A vacinação-piloto com o imunizante de dose única contra a dengue desenvolvido pelo Instituto Butantan foi iniciada nas cidades de Maranguape (CE) e Nova Lima (MG). Nesta primeira fase, 204,1 mil doses serão distribuídas: 60,1 mil para Maranguape, 64 mil para Nova Lima e 80 mil para Botucatu (SP), onde a campanha começa no domingo (18). O quantitativo é suficiente para imunizar toda a população-alvo desses municípios, composta por pessoas com idade entre 15 e 59 anos.
Os resultados da campanha serão monitorados ao longo de um ano. Especialistas irão avaliar a incidência da dengue nos locais selecionados e acompanhar possíveis efeitos adversos raros após a vacinação. Metodologia semelhante já foi utilizada em Botucatu para medir a efetividade da vacina contra a covid-19.
Caso os dados sejam positivos, será iniciada a produção em larga escala para atender todo o país. O Butantan já fabricou 1,3 milhão de doses. Antes da conclusão dessa análise, porém, novos públicos prioritários serão imunizados com a chegada de mais doses da vacina Butantan DV. A previsão é que profissionais da atenção primária à saúde, como médicos, enfermeiros e agentes comunitários, comecem a receber as cerca de 1,1 milhão de doses remanescentes a partir do início de fevereiro.
De acordo com o Ministério da Saúde, com a transferência de tecnologia entre o Instituto Butantan e a empresa chinesa WuXi Vaccines, a vacinação será ampliada gradualmente para todo o território nacional, começando pela faixa etária de até 59 anos e avançando até os 15 anos. A expectativa é um aumento de até 30 vezes na capacidade produtiva.
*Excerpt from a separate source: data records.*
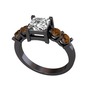 Beyaz zirkon ve dumanlı kuvars 925 ayar siyah rodyum kaplama gümüş yüzük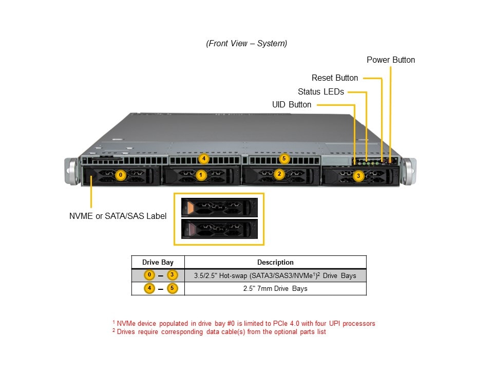 - (*NVMe/SAS/SATA support may require additional storage controller and/or cables, please see the optional parts list for details)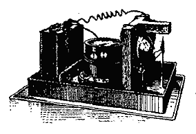 Теперь остаётся только демонстрировать прибор в связи с телеграфом. Вопрос состоит только в подборе элементов, вибратора, молоточка, сопротивления обмоток телеграфа и т. д. Все это надо подобрать. Всякая волна делает точку на телеграфной ленте, но одними точками действовать нельзя, надо, чтобы вибратор действовал периодически. 5, 10, 15 точек дадут черту, и сигнализация становится возможной.
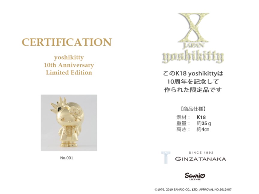 今回、誕生10周年を記念して、ギンザタナカより、ゴールドの「yoshikitty」が100個限定で登場です!
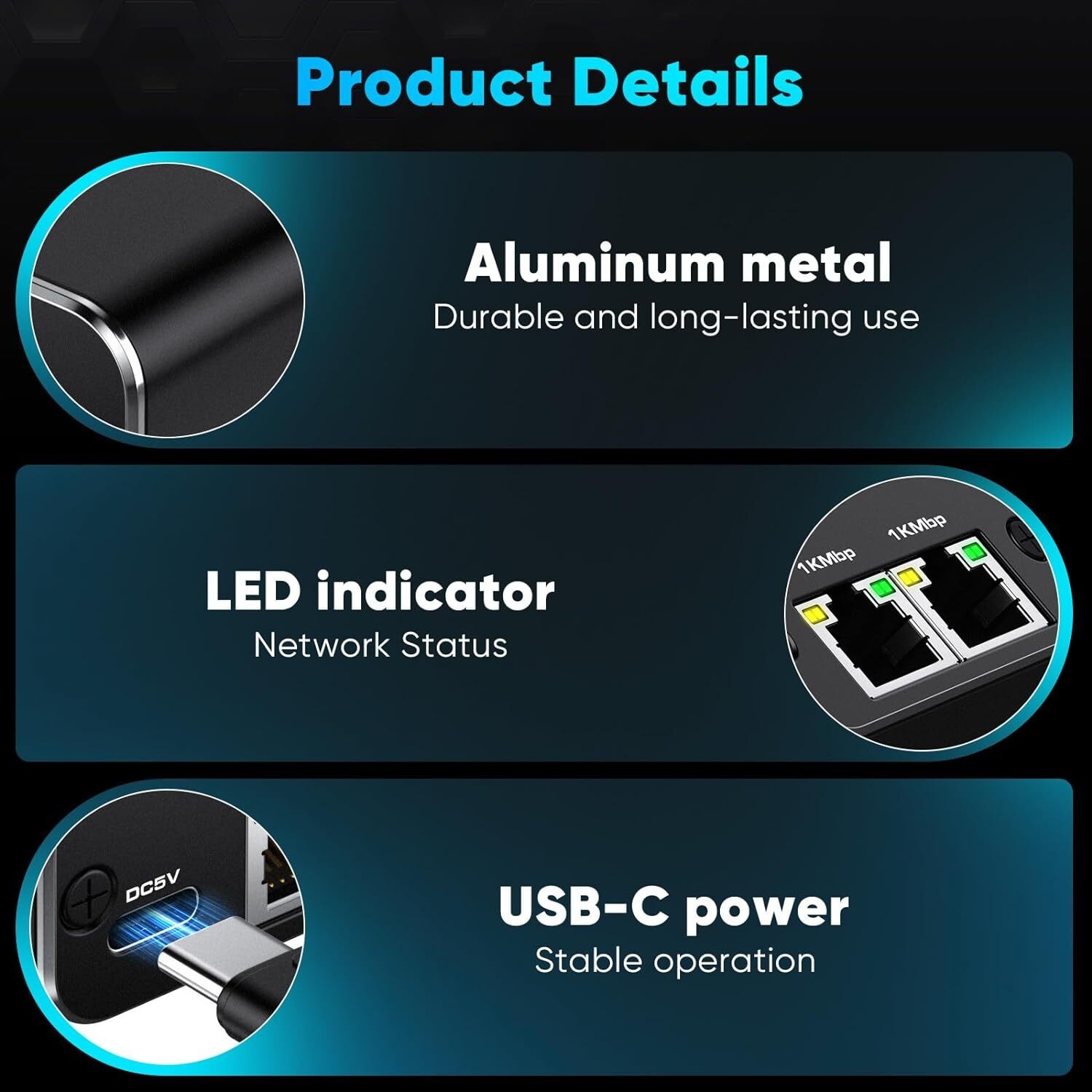 RJ45 Gigabit Ethernet Splitter 1000Mbps LAN Network Internet 1 to 2 Out Adapter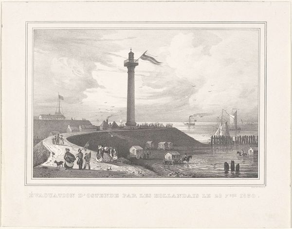 This is an anonymous rendering of the ‘Gezicht op de Gedenknaald in Scheveningen.’ The print is a study in the interplay between verticality and recession. An obelisk stands proud of the horizon, dominating the composition. The linear quality of the monument draws the eye upwards, and the surrounding figures appear to exist to emphasise the monumental vertical thrust. Note that the print employs the language of perspective and proportion that was prominent at the time. The receding lines of the landscape lead towards the sea, mirroring the shape of the obelisk. The entire image is framed by an octagon, drawing our attention to the print’s constructed nature. Does this deliberate framing serve to question notions of what is inside or outside the artwork? And does this questioning invite us to expand our interpretation?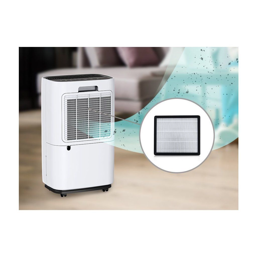 Odvlhčovač DEHUM 1 je vysoušeč vzduchu, který dokáže odvlhčit a částečně vyčistit vzduch v místnosti. Jedná se o kompresorový typ vysoušeče vzduchu s HEPA filtrem, který účinně zachycuje prachové částice, kouř bakterie nebo pyl.

Durante o lançamento em Maranguape, o ministro da Saúde em exercício, Adriano Massuda, explicou os critérios para escolha das cidades: população entre 100 mil e 200 mil habitantes e rede de saúde estruturada, capaz de implementar a vacina e avaliar seu impacto na imunização e na circulação do vírus. Massuda ressaltou que esta é a primeira vacina contra a dengue aplicada em dose única, o que possibilita uma imunização mais ágil e eficaz.
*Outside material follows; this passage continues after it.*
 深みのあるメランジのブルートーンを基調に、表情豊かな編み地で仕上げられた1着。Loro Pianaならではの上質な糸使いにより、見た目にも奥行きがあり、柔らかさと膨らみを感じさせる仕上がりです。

Os estudos clínicos apontaram uma eficácia global de 74%, com redução de 91% nos casos graves. Entre os vacinados, não houve nenhum registro de hospitalização por dengue. O desenvolvimento do imunizante levou 20 anos, agregando tecnologias de diversos centros de pesquisa nacionais e com apoio de pesquisadores estrangeiros. O BNDES apoiou o projeto com um financiamento de R$ 32 milhões em 2008 e, em 2017, destinou mais R$ 97 milhões para a construção da fábrica de vacinas. O investimento total no imunizante soma R$ 305,5 milhões.
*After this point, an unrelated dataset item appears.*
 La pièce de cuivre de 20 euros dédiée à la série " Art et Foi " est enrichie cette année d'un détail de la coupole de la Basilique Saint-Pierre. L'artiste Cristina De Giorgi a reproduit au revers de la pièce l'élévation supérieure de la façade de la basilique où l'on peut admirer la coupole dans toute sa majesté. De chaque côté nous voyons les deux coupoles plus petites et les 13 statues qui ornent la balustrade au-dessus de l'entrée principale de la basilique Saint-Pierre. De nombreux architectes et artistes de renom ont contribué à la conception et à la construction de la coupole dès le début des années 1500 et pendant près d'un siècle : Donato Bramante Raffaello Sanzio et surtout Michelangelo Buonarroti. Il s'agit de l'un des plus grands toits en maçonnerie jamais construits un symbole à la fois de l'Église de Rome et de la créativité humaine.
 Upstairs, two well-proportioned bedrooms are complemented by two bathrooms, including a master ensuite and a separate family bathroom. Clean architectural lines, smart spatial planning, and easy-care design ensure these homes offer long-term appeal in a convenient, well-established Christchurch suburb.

A rede de saúde dos municípios participantes atenderá os moradores que apresentarem documento oficial com foto, sendo recomendável também levar o Cartão SUS. As secretarias municipais reforçam que, mesmo com a vacinação, as ações de prevenção continuam essenciais, especialmente o combate ao mosquito Aedes aegypti, com a eliminação de criadouros e água parada.